Four Essays in Unemployment, Wage Dynamics and Subjective Expectations

Hudomiet, Peter. Four Essays in Unemployment, Wage Dynamics and Subjective Expectations, Department of Economics. Ann Arbor, MI: University of Michigan Ph.D., 2015, available at http://hdl.handle.net/2027.42/113598.
This dissertation contains four essays on unemployment differences between skill groups, on the effect of non-employment on wages and measurement error, and on subjective expectations of Americans about mortality and the stock market. Chapter 1 tests how much of the unemployment rate differences between education groups can be explained by occupational differences in labor adjustment costs. The educational gap in unemployment is substantial. Recent empirical studies found that the largest component of labor adjustment costs are adaptation costs: newly hired workers need a few month get up to speed and reach full productivity. The chapter evaluates the effect of adaptation costs on unemployment using a calibrated search and matching model. Chapter 2 tests how short periods of non-employment affect survey reports of annual earnings. Non-employment has strong and non-standard effects on response error in earnings. Persons tend to report the permanent component of their earnings accurately, but transitory shocks are underreported. Transitory shocks due to career interruptions are very large, taking up several month of lost earnings, on average, and people only report 60-85% percent of these earnings losses. The resulting measurement error is non-standard: it has a positive mean, it is right-skewed, and the bias correlates with predictors of turnover. Chapter 3 proposes and tests a model, the modal response hypothesis, to explain patterns in mortality expectations of Americans. The model is a mathematical expression of the idea that survey responses of 0%, 50%, or 100% to probability questions indicate a high level of uncertainty about the relevant probability.
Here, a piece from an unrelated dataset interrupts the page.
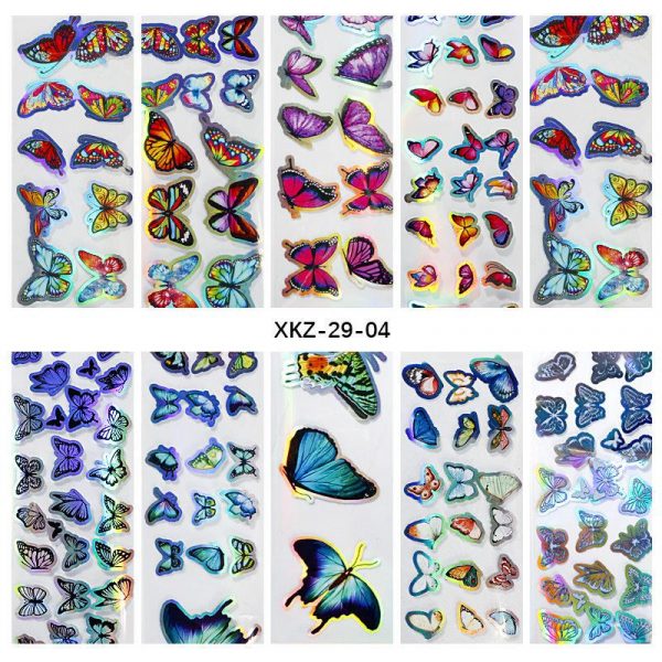 10 cuộn 100x4cm Giấy bạc chuyển móng tay thiết kế bướm XKZ-29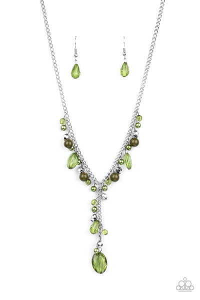 Mismatched polished green beads, crystal-like beads, and faceted silver beads dance along a shimmery silver chain. Matching beading trickles along a single silver chain, creating a romantic extended pendant below the collar. Features an adjustable clasp closure.

The chapter shows that subjective survival expectations in 2002 line up very well with realized mortality of the HRS respondents between 2002 and 2010 and our model performs better than typically used models in the literature of subjective probabilities. Chapter 4 analyzes the impact of the stock market crash of 2008 on households' expectations about the returns on the stock market index: the population average of expectations, the average uncertainty, and the cross-sectional heterogeneity in expectations from March 2008 to February 2009.